Structure-Semantic Decoupled Modulation of Global Geospatial Embeddings for High-Resolution Remote Sensing Mapping
arXiv cs.CV / 4/22/2026
📰 NewsIdeas & Deep AnalysisModels & Research
Key Points
- The paper addresses a key bottleneck in high-resolution remote sensing mapping: directly fusing global geospatial foundation-model embeddings with local high-resolution features can cause feature interference and degrade spatial structure due to a semantic–spatial gap.

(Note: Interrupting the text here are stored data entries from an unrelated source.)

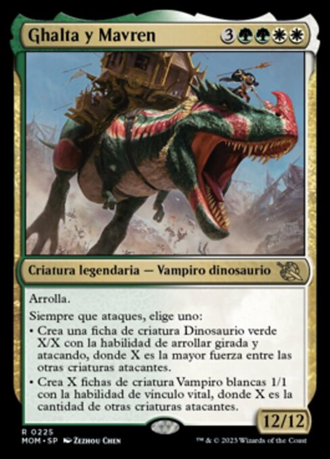 | Rules | Trample Whenever you attack, choose one — • Create a tapped and attacking X/X green Dinosaur creature token with trample, where X is the greatest power among other attacking creatures. • Create X 1/1 white Vampire creature tokens with lifelink, where X is the number of other attacking creatures. |
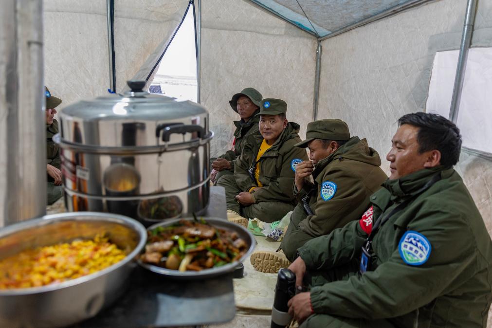 野生動物專(zhuan) 業(ye) 管護隊員們(men) 在巡護途中宿營的帳篷內(nei) 準備吃飯(5月7日攝)。新華社記者 薑帆 攝
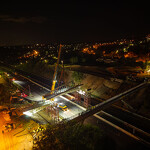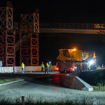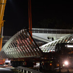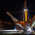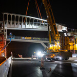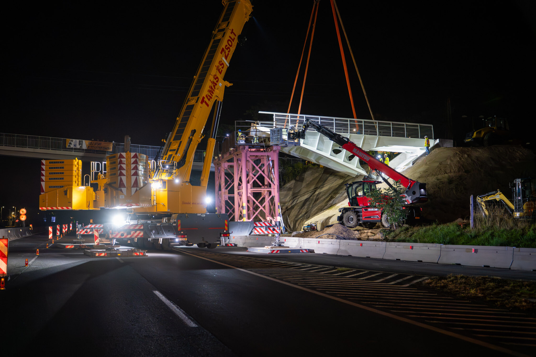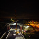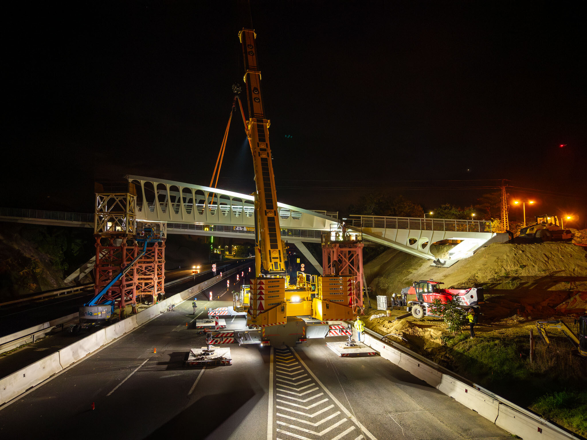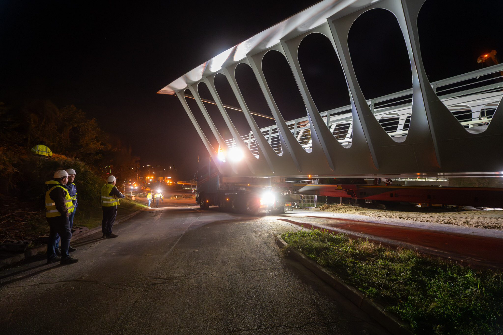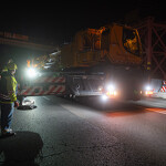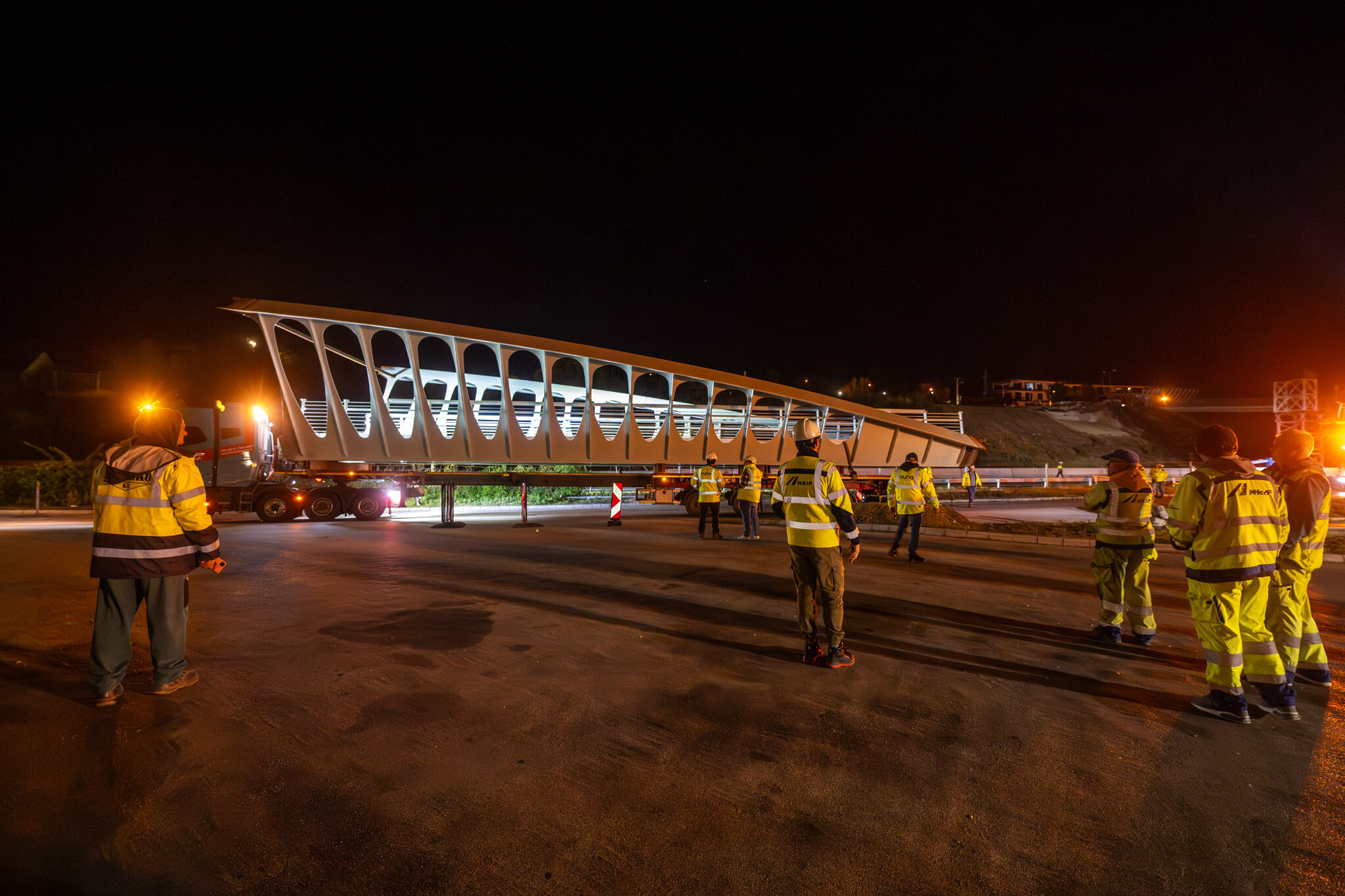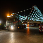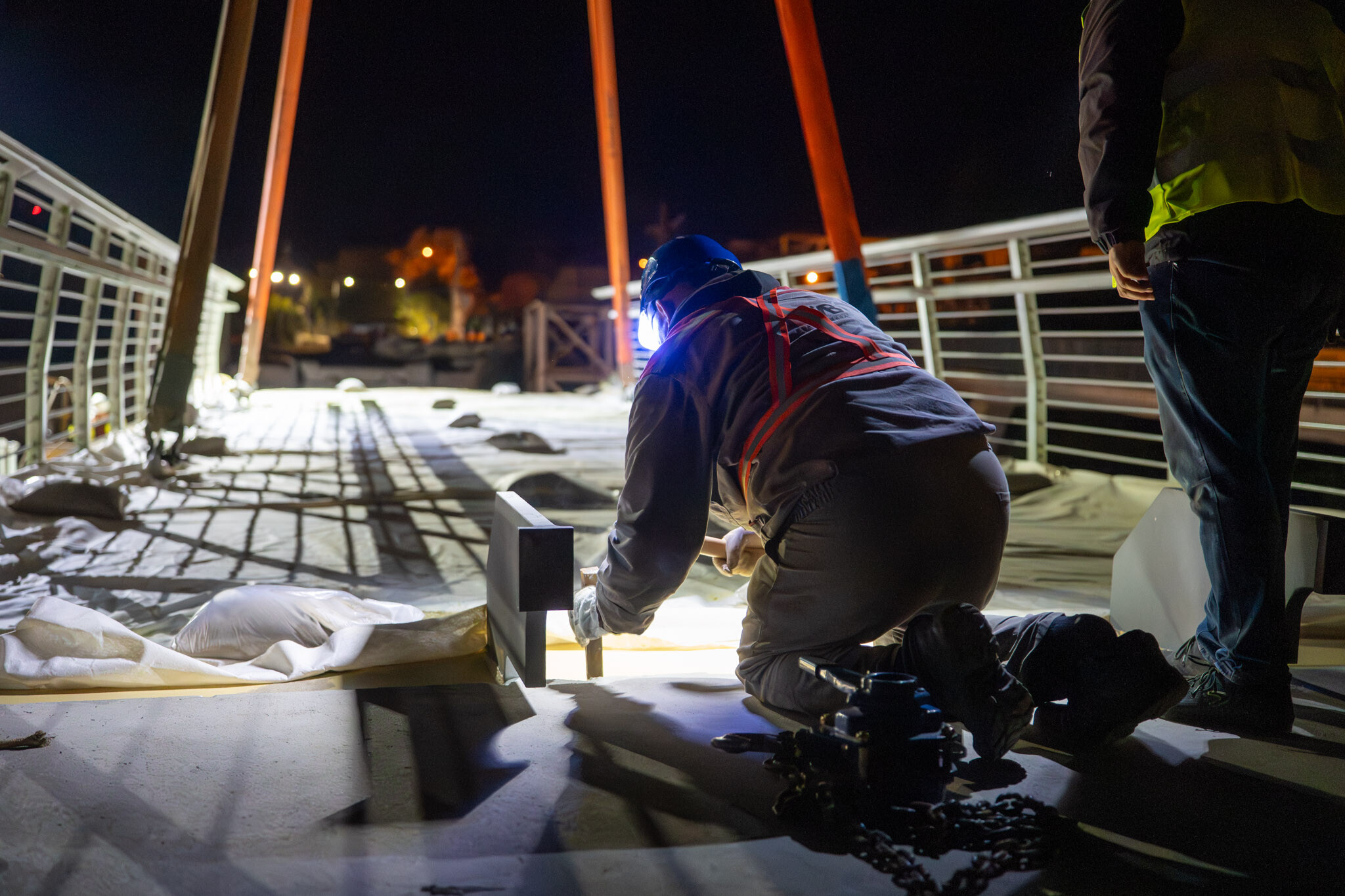 Mint arról korábban beszámoltunk, a 193 tonnás, 80 méter hosszú híd szerkezetét nyolc elemben szállították a helyszínre. Ezeket kettesével összeillesztették, így a beemelések alkalmával két-két, azaz összesen négy elemet kellett daruval a helyére tenni.
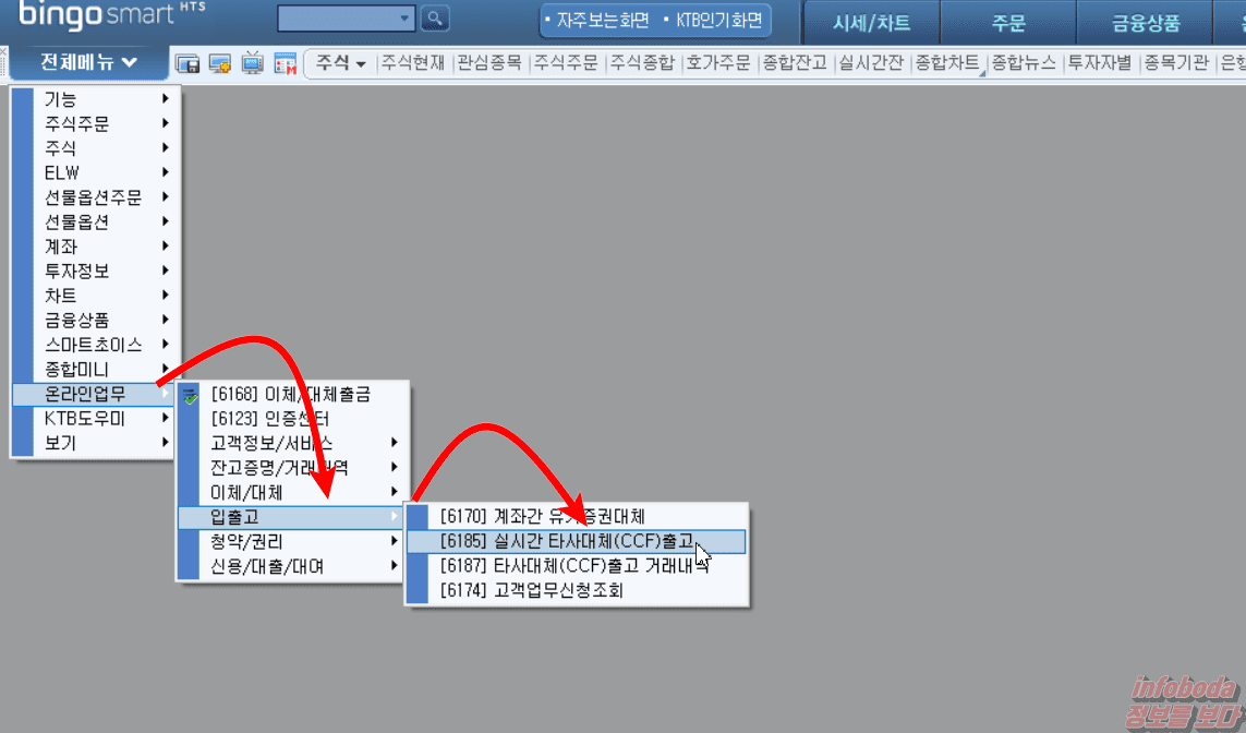 KTB 투자증권 안내에는 모바일 어플 MTS에서도 가능한 것으로 나오지만 메뉴 항목은 동일 증권사 내 이동만 가능해서 홈페이지에서 진행합니다.
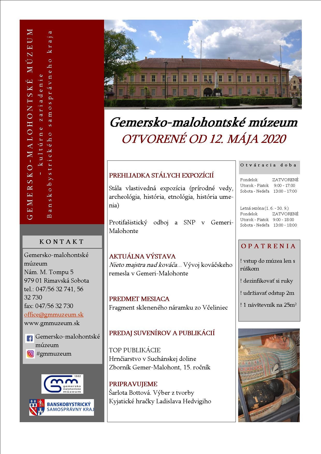 Koncom mája bude verejnosti sprístupnená výstava mladej výtvarníčky Šarloty Bottovej z Rimavskej Bani, ktorá v súčasnosti žije a tvorí v Hnúšti. Z jej tvorby uvidíte kresby portrétov významných slovenských i zahraničných osobností. V priebehu júna sprístupníme výstavu kyjatických hračiek z dielne Ladislava Hedvigiho z Rimavských Zalužian.
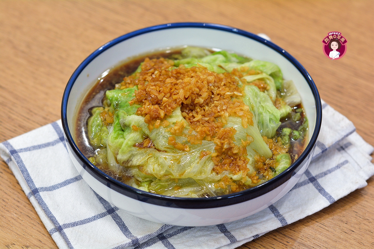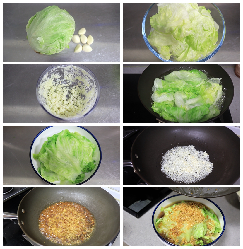 8. 将蚝油汁和蒜蓉倒在生菜上。
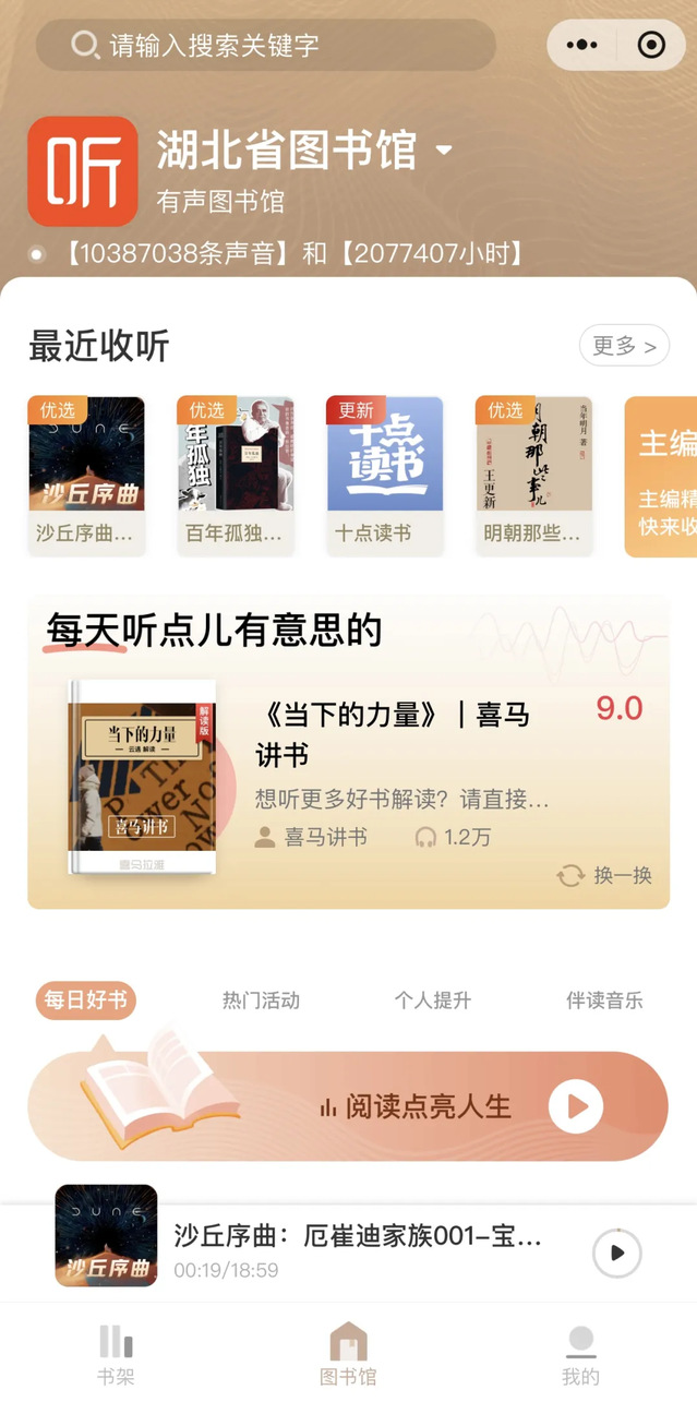 领先的音频分享平台机构版,含大数据筛选出的收听量高的有声书、播客、知识课程等,包括有声图书馆综合内容和vip畅听内容,共计28000多个专辑,每周持续更新。
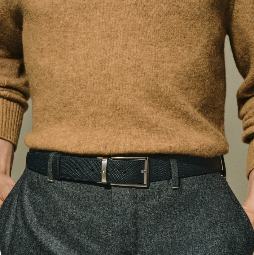 Двухсторонний мужской ремень Montblanc: кожа черного и коричневого цвета 35 мм от магазина премиальных ручек Premium Pens в Сыктывкаре.
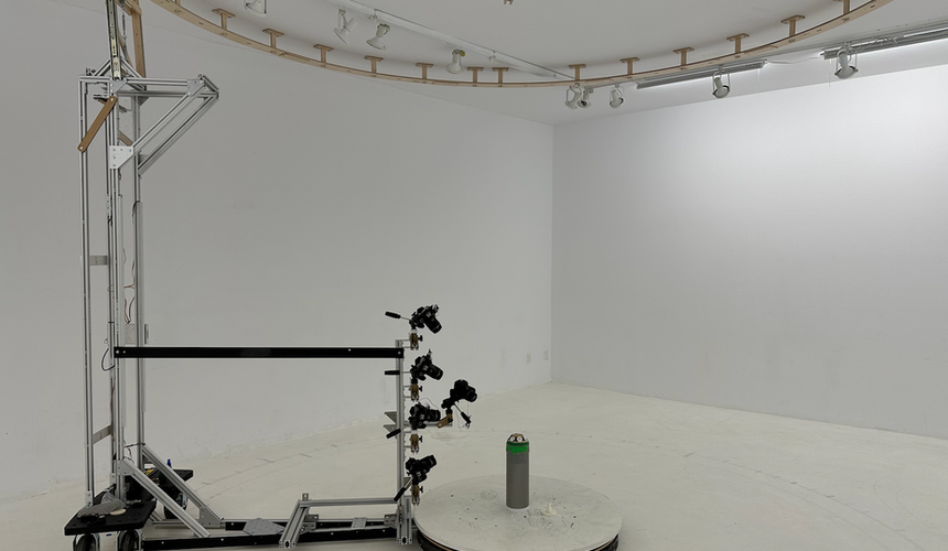 Pendant la pandémie, l’ingénieux Carl-Dave a patenté (vraiment!) une structure sur rails et roulettes sur laquelle sont arrimés cinq appareils photos, leur objectif dirigé vers l’objet installé au centre de la pièce. Ces appareils sont déclenchés à distance simultanément par l’utilisateur, après chaque déplacement manuel de la structure, et ce 96 fois pour revenir au point de départ. Pendant ce trajet circulaire seront amassées 490 photos.
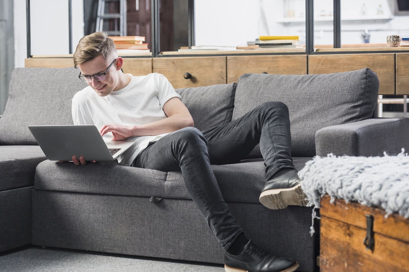 Парень на диване с ноутбуком

- It proposes a Structure-Semantic Decoupled Modulation (SSDM) framework that splits global representations into two cross-modal injection pathways: a structural prior modulation branch and a global semantic injection branch.
- The structural prior branch injects macroscopic receptive-field priors into self-attention layers of the high-resolution encoder to reduce fragmentation and stabilize local feature extraction under high-frequency noise and intra-class variance.
- The semantic injection branch aligns holistic context with the deep high-resolution feature space and supplements global semantics through cross-modal integration to improve semantic consistency and category discrimination.
- Experiments on remote sensing tasks show SSDM achieves state-of-the-art results over existing cross-modal fusion approaches and improves mapping accuracy across multiple scenarios.